One of the unique features of this temple painting is that they are not drawn in conventional panels of boxes. Instead, the whole painting is done on a 45 by 20 square feet space with a natural object like a tree separating the incidents. 

Martin Wickramasinghe had once said, a good painting is like a poem written in colours. This simile is rather apt to describe Vidyapathi’s Bellanwila paintings.     

In 1968, in conversation with Sarasaviya magazine, Vidyapathi had said, “I like to bring out poetic traits in my paintings. Also like to draw a series of events. If one painting is one poem, a series of events drawn together is a complete poem.” One of the fine examples of this poetic drawing is the ‘Defeat of Angulimala’ in Bellanwila Raja Maha Vihara. Adding further he had said, “The main reason why my paintings are so rhythmic is because I’m a dancer.

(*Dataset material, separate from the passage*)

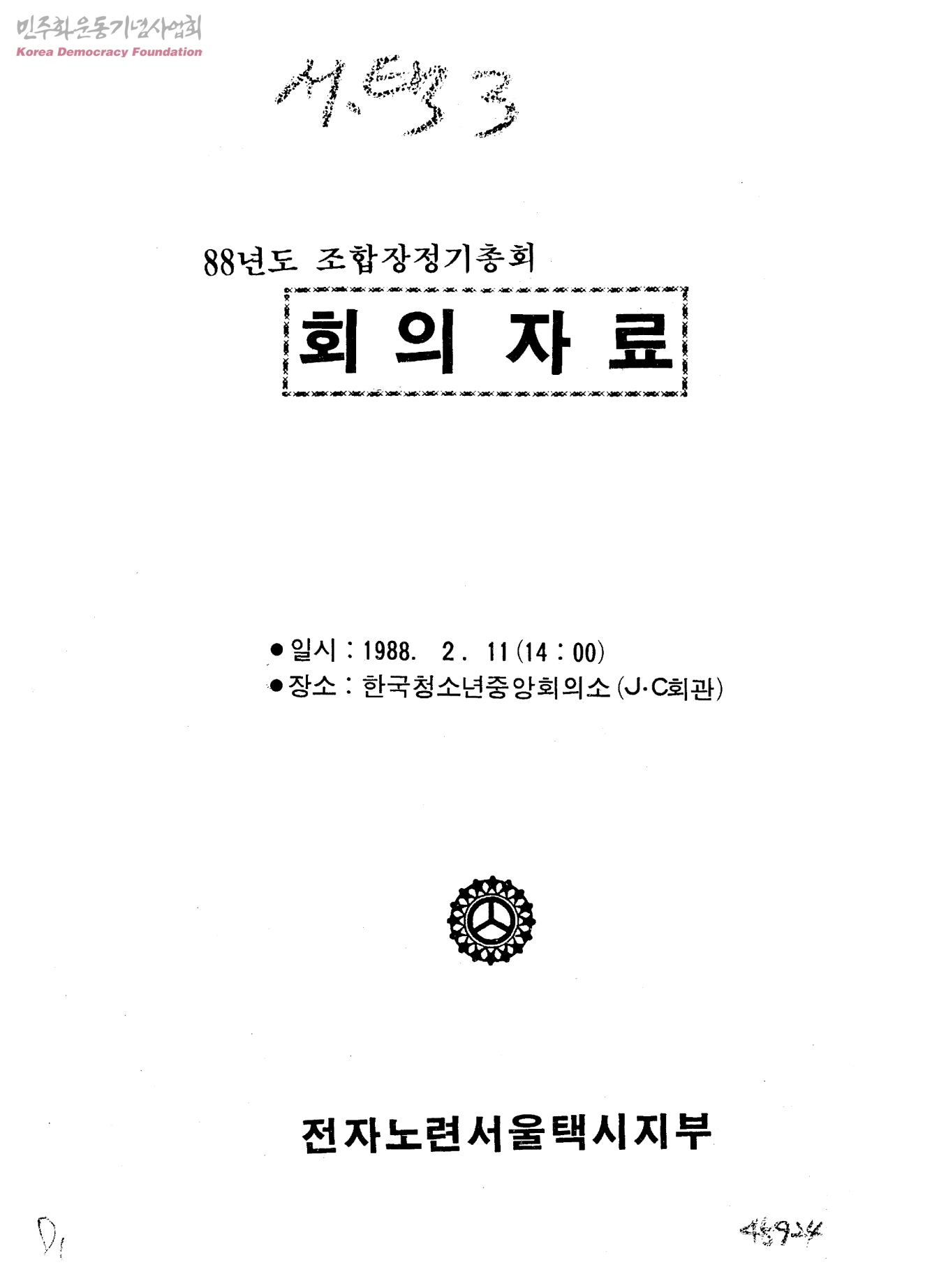 88년도 조합장정기총회 회의자료

I have a sound knowledge of how the human body moves and of gestures and postures.”

Vidyapathi’s sculpture 

Vidyapathi was also a renowned sculptor. Although he had created only a few sculptures when compared to the amount of paintings he had done, all of his sculptures are of the highest quality that reminds us of the sculptures of Tissa Ranasinghe. One fine example of his sculpture brilliance is the white samadhi statue at Thummulla Laksala premises that resembles the Tholuwila Buddha Statue. The half relief statue at Peradeniya University’s main hall, the half relief sculpture at Tower Hall, Maradana, the 80 by 80 decorative display at the Kotte Parliament complex, and the decorative work at the Prime Minister’s residence are all brilliant work by Vidyapathi. 

Although Vidyapathi is popularly known as the painter who did Bellanwila temple frescos, many are unaware that he had also done temple murals of another temple. The uniqueness of the murals Vidyapathi had done for Ambalangoda Vijayarama is that he had done them on a wooden surface instead of plaster. Vidyapathi also drew some porcelain relics to be enshrined at Kataragama Kiri Vehera and Somawathi Vehera after the excavations of those stupas. 

He once represented Sri Lanka in an art exhibition held in Russia and became world-renowned when he held a solo exhibition in London. He also contributed as the art director and the costume designer to the movie Wesathura Siritha.

A proper discussion on Vidyapathi’s works of art is yet to be done. Sadly, many of Vidyapathi’s great works are now facing the danger of perishing without due recognition or conservation. If it weren’t for the two sons of Vidyapathi, it would have been so long since the last of Vidyapathi’s paintings had perished. His temple paintings are still visible at Bellanwila Raja Maha Vihara but without proper conservation those paintings too will fade away a lot sooner than we think.

Vidyapathi breathed his last on 18 February 2006 at 82 years of age. It has been over 15 years since we have lost this unique artist and personally, I think it is high time a book about this artist and his art is published for the younger generations to read.